The dealer (Eric at Moon Tractor in Hillsboro, OH) is the best I've ever seen, bar none (and I've talked to a LOT of them, all brands). Honestly wants me as a customer, not just a sale. With the current promo, got the tractor for $800 less than he quoted me 2 years ago. ($21,721 out the door, all inclusive. Tires with rimguard, free first maintenance, dyno runup prior to delivery, tax, paperwork, etc).
See attached for Grandpa's Allis, which is for sale if anyone cares.
Will shoot a picture out when the new beast is delivered next weekend, side by side with the AC. Maybe a little difference? Ha!


----------



## pchili4 (Jun 10, 2010)

I have never seen a kioti before, that one sure looks like a keeper Jim


----------



## DK35vince (Jan 22, 2006)

Congratulations on the new DK 40. Very nice machines.
Be sure to post photos when you get it.
I've own a DK 35 (2001 model). It has been an excellant tractor. No problems at all.


----------



## Hoodoo Valley (Nov 14, 2006)

Nice! Welcome to the forum Jim. What of some pictures of that Kioti?


----------



## pchili4 (Jun 10, 2010)

*kioti*

Sorry about that mix up Jim i have never seen a kioti before i am new at this computer stuff so i dont even know if thease messages are going to the right place if i am a pain in the arse just tell me to go to hell


----------



## Jim41 (Jun 12, 2010)

*Hey, pchili4 we're cool.*



pchili4 said:


> Sorry about that mix up Jim i have never seen a kioti before i am new at this computer stuff so i dont even know if thease messages are going to the right place if i am a pain in the arse just tell me to go to hell


Hey, brother, I just didn't know you were new to this. We're all one big happy, tractor loving family here.
Paste the link below in your browser for kioti's stock photos, spec sheet, etc. on the DK40SE. Doesn't look like mine (I just have a bucket loader and no backhoe - yet.
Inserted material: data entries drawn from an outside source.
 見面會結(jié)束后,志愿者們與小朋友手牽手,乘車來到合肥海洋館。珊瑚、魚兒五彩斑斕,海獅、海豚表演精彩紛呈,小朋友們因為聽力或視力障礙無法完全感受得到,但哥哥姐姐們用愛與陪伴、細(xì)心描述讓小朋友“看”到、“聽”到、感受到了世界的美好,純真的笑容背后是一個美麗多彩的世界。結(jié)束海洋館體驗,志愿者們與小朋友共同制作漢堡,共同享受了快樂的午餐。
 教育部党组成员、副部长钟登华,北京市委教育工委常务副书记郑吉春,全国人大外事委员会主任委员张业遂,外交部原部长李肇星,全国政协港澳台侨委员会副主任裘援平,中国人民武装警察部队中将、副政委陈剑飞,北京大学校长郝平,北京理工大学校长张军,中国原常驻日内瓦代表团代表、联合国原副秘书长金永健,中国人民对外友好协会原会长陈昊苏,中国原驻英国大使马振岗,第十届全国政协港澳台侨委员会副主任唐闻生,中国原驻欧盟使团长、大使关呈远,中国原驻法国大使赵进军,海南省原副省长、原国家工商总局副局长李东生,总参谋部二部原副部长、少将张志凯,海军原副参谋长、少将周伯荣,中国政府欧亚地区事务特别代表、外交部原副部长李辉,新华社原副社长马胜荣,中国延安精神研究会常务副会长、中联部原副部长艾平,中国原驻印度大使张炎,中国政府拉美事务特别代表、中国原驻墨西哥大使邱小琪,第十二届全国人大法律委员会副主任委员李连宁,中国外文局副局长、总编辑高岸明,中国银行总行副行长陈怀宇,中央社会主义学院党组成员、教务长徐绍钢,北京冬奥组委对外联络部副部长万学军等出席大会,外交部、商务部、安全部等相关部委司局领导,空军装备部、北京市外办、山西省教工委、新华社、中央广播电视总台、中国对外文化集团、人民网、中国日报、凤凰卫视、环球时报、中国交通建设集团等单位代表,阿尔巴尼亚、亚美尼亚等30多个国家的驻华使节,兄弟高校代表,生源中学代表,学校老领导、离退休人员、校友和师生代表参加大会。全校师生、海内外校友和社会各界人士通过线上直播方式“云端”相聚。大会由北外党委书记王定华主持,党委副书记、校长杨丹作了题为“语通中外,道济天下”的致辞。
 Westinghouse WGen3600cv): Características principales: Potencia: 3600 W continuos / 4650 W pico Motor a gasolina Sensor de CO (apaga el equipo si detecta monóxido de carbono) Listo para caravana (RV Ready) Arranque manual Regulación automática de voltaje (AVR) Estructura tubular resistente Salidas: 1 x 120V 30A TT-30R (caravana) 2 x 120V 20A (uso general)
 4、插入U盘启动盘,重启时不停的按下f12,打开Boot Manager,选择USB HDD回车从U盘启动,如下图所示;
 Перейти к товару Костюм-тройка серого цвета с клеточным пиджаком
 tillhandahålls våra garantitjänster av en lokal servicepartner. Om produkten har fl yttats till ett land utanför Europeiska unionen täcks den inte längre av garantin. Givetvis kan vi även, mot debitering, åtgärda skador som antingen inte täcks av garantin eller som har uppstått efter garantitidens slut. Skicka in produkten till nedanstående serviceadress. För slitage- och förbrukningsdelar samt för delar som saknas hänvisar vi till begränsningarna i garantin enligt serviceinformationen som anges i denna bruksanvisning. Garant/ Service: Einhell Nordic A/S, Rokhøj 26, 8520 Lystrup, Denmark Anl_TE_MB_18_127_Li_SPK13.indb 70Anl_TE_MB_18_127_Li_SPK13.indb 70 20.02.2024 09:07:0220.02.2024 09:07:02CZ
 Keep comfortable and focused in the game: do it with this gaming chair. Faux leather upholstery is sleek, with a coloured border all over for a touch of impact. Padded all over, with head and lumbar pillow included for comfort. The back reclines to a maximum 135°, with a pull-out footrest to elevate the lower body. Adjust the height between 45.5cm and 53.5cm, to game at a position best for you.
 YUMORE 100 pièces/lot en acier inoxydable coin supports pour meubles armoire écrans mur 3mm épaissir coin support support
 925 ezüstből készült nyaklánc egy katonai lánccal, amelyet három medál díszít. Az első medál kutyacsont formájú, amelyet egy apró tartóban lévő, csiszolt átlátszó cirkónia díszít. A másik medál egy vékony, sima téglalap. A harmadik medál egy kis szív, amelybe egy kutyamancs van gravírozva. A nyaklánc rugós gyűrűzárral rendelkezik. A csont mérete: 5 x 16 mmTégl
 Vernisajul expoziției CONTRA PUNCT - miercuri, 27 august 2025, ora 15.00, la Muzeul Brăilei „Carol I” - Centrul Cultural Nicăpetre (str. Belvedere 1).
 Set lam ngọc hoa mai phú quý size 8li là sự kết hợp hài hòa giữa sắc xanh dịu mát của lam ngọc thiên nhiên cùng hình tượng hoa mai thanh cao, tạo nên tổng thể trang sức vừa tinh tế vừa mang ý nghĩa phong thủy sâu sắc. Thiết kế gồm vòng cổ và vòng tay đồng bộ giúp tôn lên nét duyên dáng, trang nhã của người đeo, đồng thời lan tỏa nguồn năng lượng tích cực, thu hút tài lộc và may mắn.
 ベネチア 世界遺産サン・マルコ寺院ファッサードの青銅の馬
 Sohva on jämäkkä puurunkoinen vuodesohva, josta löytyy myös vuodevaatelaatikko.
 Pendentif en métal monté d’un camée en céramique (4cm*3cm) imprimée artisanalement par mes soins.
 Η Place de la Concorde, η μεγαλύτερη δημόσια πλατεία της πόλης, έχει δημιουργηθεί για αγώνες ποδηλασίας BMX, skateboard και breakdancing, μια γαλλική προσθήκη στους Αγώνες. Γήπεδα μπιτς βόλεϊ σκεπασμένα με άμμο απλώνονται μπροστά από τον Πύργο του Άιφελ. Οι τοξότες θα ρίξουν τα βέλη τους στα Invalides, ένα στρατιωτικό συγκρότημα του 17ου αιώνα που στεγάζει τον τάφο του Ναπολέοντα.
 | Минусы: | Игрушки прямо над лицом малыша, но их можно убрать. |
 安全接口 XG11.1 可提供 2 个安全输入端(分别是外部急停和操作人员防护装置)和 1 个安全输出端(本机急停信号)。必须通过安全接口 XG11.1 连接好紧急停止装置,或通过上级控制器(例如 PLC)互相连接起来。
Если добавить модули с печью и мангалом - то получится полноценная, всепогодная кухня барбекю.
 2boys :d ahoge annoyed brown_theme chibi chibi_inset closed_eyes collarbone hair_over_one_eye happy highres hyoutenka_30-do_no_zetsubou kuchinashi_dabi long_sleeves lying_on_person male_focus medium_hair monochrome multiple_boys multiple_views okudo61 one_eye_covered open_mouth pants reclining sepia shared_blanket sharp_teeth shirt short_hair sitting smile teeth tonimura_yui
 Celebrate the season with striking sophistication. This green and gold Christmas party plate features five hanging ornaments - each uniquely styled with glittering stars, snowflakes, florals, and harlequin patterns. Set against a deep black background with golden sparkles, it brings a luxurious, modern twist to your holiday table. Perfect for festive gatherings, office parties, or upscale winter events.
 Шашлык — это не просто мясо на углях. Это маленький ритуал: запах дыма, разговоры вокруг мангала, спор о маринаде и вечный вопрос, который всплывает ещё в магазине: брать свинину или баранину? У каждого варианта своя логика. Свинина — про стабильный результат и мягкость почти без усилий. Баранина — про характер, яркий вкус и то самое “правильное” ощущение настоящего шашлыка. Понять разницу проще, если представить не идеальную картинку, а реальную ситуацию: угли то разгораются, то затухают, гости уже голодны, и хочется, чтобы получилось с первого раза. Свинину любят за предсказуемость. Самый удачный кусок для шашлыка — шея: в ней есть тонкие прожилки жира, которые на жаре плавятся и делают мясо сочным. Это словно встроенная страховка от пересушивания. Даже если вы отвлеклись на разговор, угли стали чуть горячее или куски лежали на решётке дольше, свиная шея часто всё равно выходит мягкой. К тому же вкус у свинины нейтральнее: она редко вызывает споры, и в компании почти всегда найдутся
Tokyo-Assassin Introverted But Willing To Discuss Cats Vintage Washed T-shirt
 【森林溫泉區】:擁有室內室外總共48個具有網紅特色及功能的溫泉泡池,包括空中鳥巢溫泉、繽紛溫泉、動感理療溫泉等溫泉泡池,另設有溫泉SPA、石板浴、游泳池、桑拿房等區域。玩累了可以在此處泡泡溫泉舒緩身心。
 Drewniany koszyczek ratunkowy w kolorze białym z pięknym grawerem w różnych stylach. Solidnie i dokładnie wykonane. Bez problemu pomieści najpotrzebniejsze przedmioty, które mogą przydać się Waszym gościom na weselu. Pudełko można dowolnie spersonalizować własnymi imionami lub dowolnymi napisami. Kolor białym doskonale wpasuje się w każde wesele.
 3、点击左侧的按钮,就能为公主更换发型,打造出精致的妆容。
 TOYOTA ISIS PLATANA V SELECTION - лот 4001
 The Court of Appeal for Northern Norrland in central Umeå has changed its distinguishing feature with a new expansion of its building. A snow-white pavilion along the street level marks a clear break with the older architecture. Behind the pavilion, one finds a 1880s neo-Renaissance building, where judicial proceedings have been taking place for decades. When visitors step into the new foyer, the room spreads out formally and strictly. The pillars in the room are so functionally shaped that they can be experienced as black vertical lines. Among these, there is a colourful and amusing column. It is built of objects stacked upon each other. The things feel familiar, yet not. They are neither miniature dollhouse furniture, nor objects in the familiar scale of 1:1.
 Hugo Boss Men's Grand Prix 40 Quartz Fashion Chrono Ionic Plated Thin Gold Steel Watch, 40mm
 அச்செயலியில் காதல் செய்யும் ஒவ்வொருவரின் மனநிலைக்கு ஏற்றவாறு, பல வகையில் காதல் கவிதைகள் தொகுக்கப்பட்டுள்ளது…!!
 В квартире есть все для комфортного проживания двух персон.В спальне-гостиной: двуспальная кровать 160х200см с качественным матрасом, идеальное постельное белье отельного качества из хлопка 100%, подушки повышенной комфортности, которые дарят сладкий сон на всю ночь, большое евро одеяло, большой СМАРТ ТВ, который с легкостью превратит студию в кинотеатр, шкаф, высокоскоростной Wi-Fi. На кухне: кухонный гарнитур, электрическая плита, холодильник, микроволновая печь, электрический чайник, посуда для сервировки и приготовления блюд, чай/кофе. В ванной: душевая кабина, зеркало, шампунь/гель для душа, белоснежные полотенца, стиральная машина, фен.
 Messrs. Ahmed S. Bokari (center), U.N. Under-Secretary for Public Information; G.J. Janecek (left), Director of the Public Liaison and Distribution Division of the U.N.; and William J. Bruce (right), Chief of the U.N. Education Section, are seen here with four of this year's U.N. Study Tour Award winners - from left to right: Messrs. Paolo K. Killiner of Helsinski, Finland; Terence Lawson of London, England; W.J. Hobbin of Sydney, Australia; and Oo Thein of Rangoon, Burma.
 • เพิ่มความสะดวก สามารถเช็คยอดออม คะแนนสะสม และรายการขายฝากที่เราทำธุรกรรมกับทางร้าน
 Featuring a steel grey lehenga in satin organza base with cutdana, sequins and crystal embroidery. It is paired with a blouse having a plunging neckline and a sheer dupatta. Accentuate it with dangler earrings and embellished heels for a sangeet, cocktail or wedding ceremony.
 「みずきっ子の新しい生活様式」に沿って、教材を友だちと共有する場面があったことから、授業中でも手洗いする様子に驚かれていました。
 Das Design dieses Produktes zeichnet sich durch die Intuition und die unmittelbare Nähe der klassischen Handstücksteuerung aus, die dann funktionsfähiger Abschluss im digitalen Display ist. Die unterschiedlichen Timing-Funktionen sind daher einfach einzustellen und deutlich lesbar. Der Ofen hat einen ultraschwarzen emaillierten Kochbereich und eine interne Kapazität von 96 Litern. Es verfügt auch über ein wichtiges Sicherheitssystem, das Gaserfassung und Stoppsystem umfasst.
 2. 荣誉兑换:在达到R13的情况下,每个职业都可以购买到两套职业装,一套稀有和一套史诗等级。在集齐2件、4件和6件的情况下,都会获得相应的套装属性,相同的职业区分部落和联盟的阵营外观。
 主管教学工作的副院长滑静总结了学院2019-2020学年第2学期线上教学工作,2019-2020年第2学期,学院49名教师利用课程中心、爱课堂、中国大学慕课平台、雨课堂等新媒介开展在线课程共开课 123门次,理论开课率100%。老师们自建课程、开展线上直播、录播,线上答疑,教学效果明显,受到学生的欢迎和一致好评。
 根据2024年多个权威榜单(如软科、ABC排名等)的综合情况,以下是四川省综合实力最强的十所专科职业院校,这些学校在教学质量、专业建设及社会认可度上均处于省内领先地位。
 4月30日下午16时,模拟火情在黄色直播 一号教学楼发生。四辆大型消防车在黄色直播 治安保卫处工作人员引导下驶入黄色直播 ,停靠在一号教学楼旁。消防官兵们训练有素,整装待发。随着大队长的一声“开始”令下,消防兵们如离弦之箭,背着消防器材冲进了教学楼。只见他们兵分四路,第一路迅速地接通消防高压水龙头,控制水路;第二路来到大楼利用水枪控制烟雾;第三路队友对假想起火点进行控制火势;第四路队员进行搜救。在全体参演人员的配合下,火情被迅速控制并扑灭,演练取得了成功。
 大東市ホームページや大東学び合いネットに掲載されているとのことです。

With rimguard in the rear tires and the loader, it's twice the horsepower and three times the weight of the Allis Chalmers, and diesel puts the torque where you need it in a tractor - for "lugging" as my dad used to put it. 

KIOTI - run ahead of the pack!

Will post some photos when it's delivered next weekend. 
Will be in Ontario in Ancaster and St. Thomas off and on for the next 3 weeks on a couple of jobs. Beautiful country up there.
Later,
Jim


----------